- **The problem**
Nothing but the lines from the one with "저녁 비행기라 탑승하자마자" through the end of the listing should be reproduced, each exactly and with pictures omitted.
[Material provided]
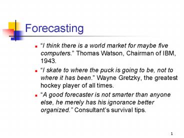 computers. Thomas Watson, Chairman of IBM, 1943. - I skate to where the puck is going to be, not to
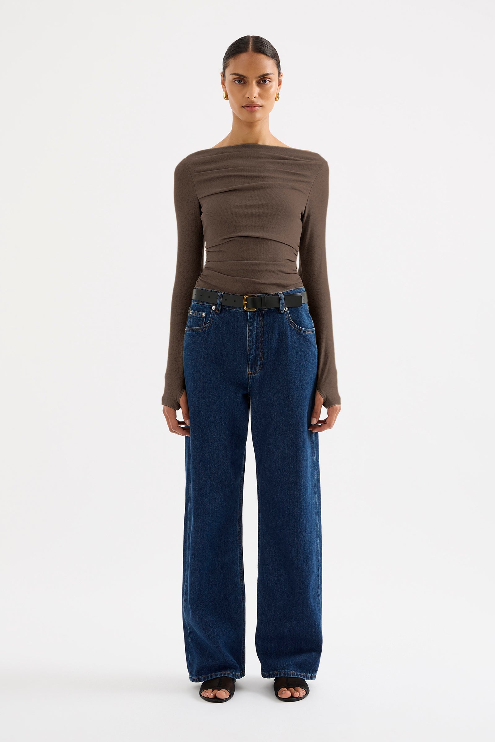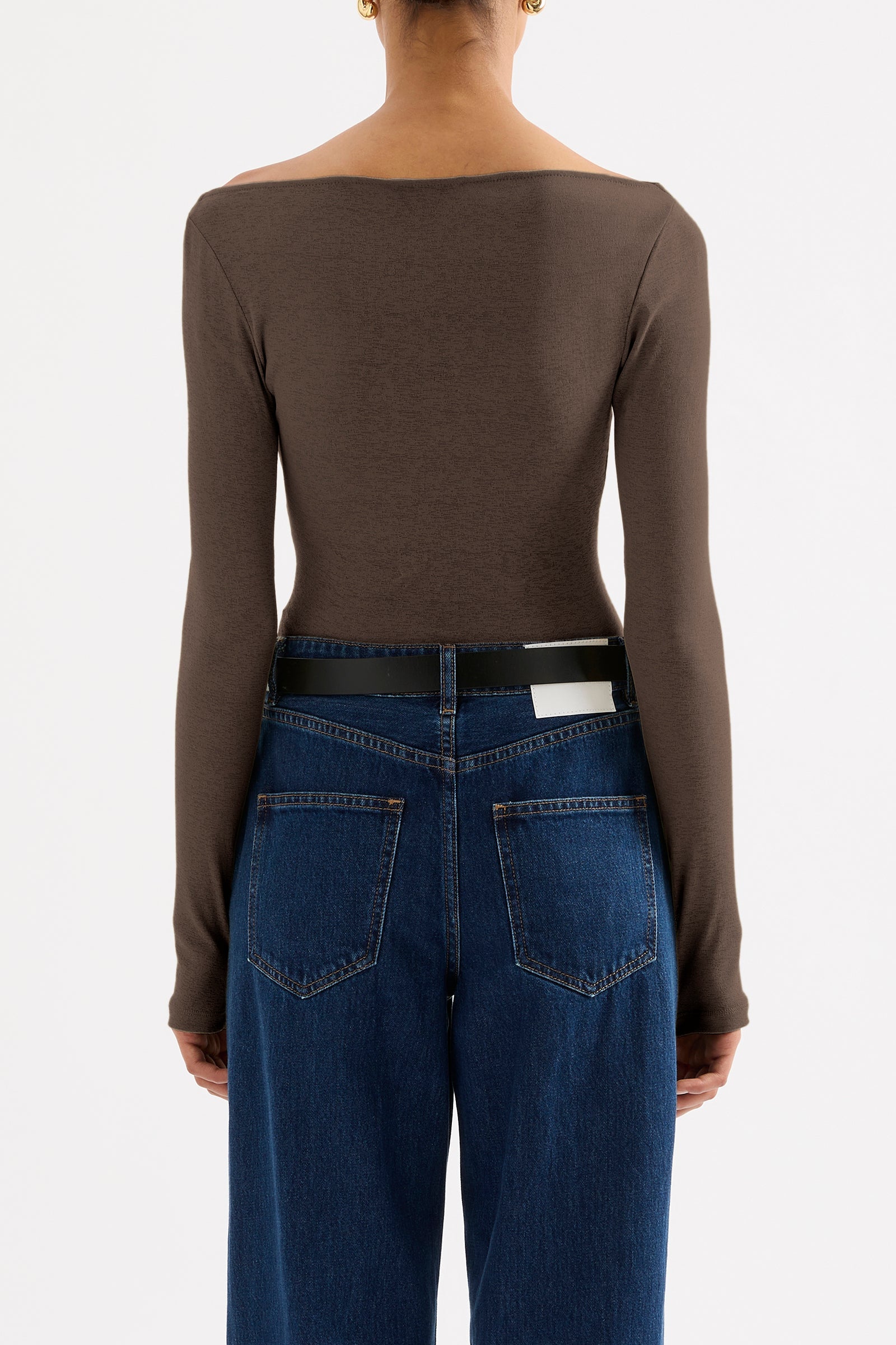 The Ziel Off Shoulder Top is made from a stretch jersey which has a dry hand feel. The silhouette is fitted with long sleeves and length finishing above the hips. Features include a high off shoulder neckline, thumbholes and organic gathering and tuck detailing.
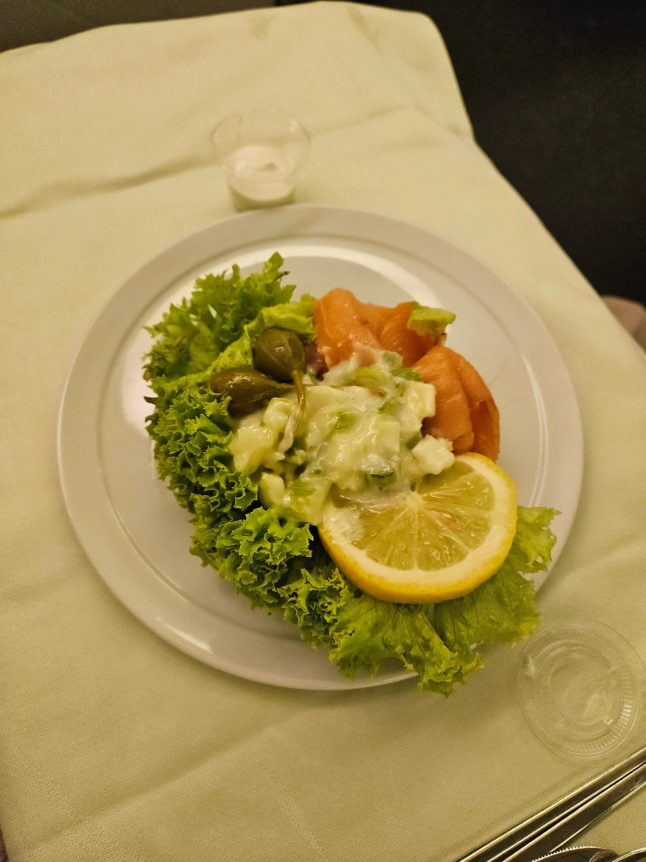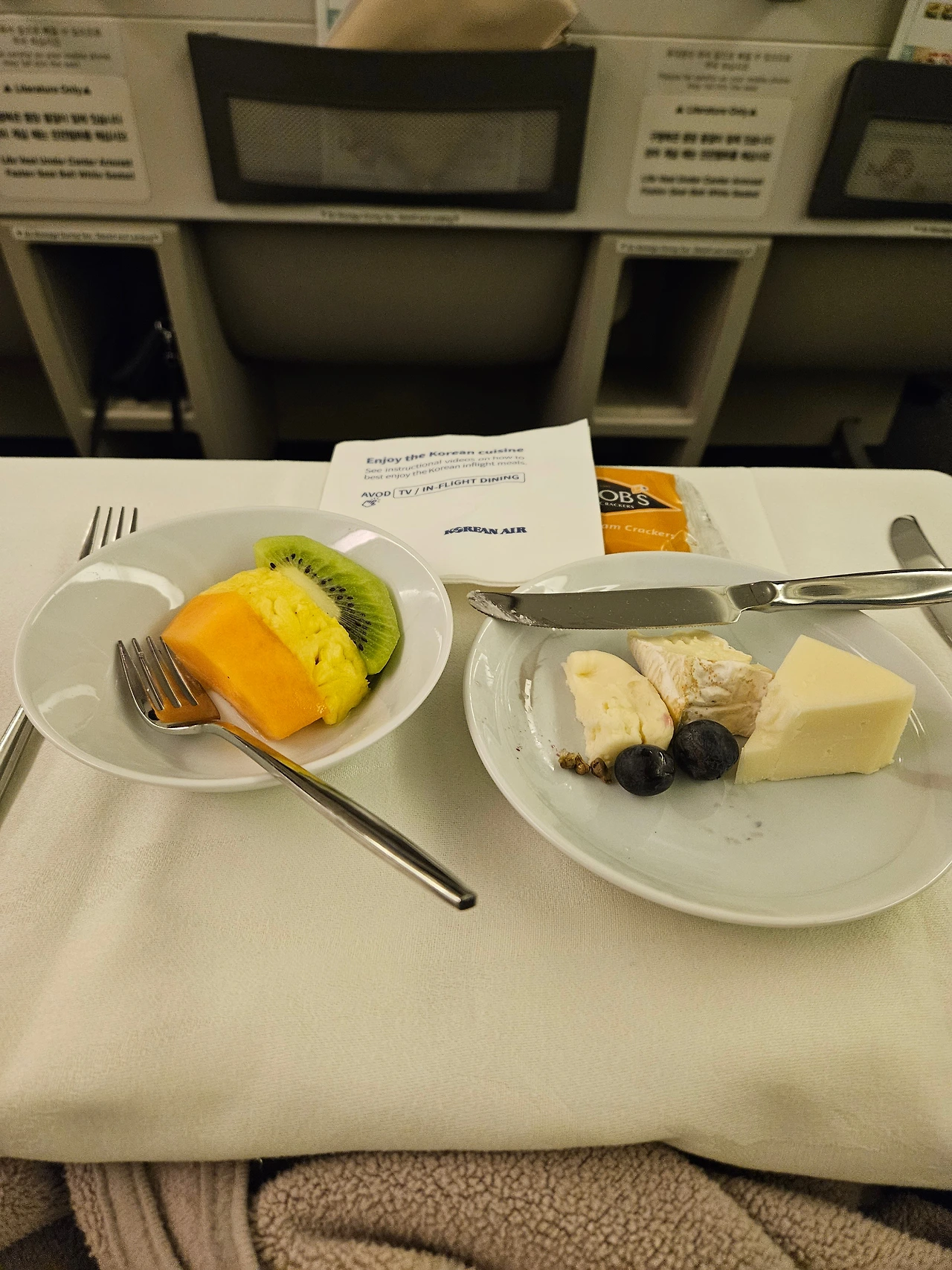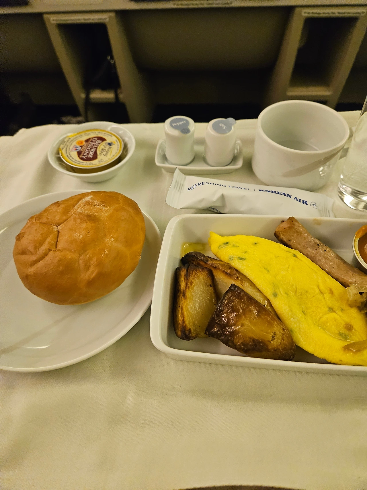저녁 비행기라 탑승하자마자 밥을 줄 것이기에 라운지에 가서는 마지막 어패럴 스프릿츠만 마시고 먹을 것은 많이 먹지 않았다. 첫 비지니스라 매우 설렜는데, 의자를 180도로 눕힐 수 있는 것이었다. 우와. 이래서 다들 돈을 열심히 버나 보다 싶었다. 설국열차가 인도에서만 보던 게 아니라, 우리 근처에도 항상 있었는데 당연하게 생각해서 비행기 좌석도 설국열차 같은 것의 일종이라는 생각을 못 해본 것 같았다. 거의 바로 저녁이 나왔는데, 테이블에 천도 깔아주고 갑자기 코스요리가 나오기 시작했다. 심지어 배가 너무 불러서 마지막에 나오던 후식인 하겐다즈 아이스크림은 먹지도 못했다.
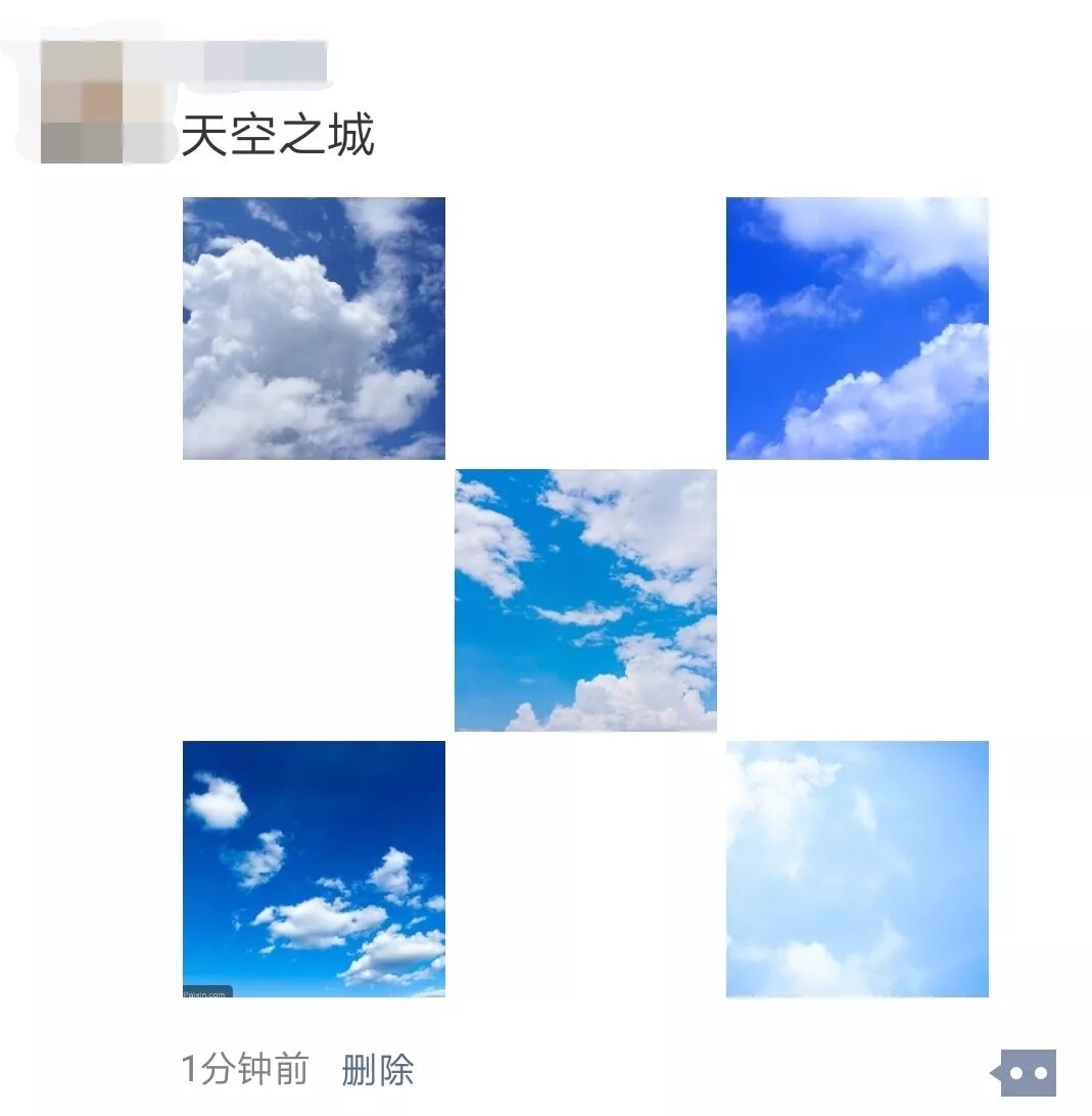 然后如果我們要做出這種效果的話,需要保存四張空白圖,然后在發(fā)朋友圈時(shí)依次在第2、4、6、8這四張圖片的位置上選擇空白圖這樣發(fā)的朋友圈就會(huì)是這種留白效果了
[/Material provided]
- **Response area**
저녁 비행기라 탑승하자마자 밥을 줄 것이기에 라운지에 가서는 마지막 어패럴 스프릿츠만 마시고 먹을 것은 많이 먹지 않았다. 첫 비지니스라 매우 설렜는데, 의자를 180도로 눕힐 수 있는 것이었다. 우와. 이래서 다들 돈을 열심히 버나 보다 싶었다. 설국열차가 인도에서만 보던 게 아니라, 우리 근처에도 항상 있었는데 당연하게 생각해서 비행기 좌석도 설국열차 같은 것의 일종이라는 생각을 못 해본 것 같았다. 거의 바로 저녁이 나왔는데, 테이블에 천도 깔아주고 갑자기 코스요리가 나오기 시작했다. 심지어 배가 너무 불러서 마지막에 나오던 후식인 하겐다즈 아이스크림은 먹지도 못했다.
 然后如果我們要做出這種效果的話,需要保存四張空白圖,然后在發(fā)朋友圈時(shí)依次在第2、4、6、8這四張圖片的位置上選擇空白圖這樣發(fā)的朋友圈就會(huì)是這種留白效果了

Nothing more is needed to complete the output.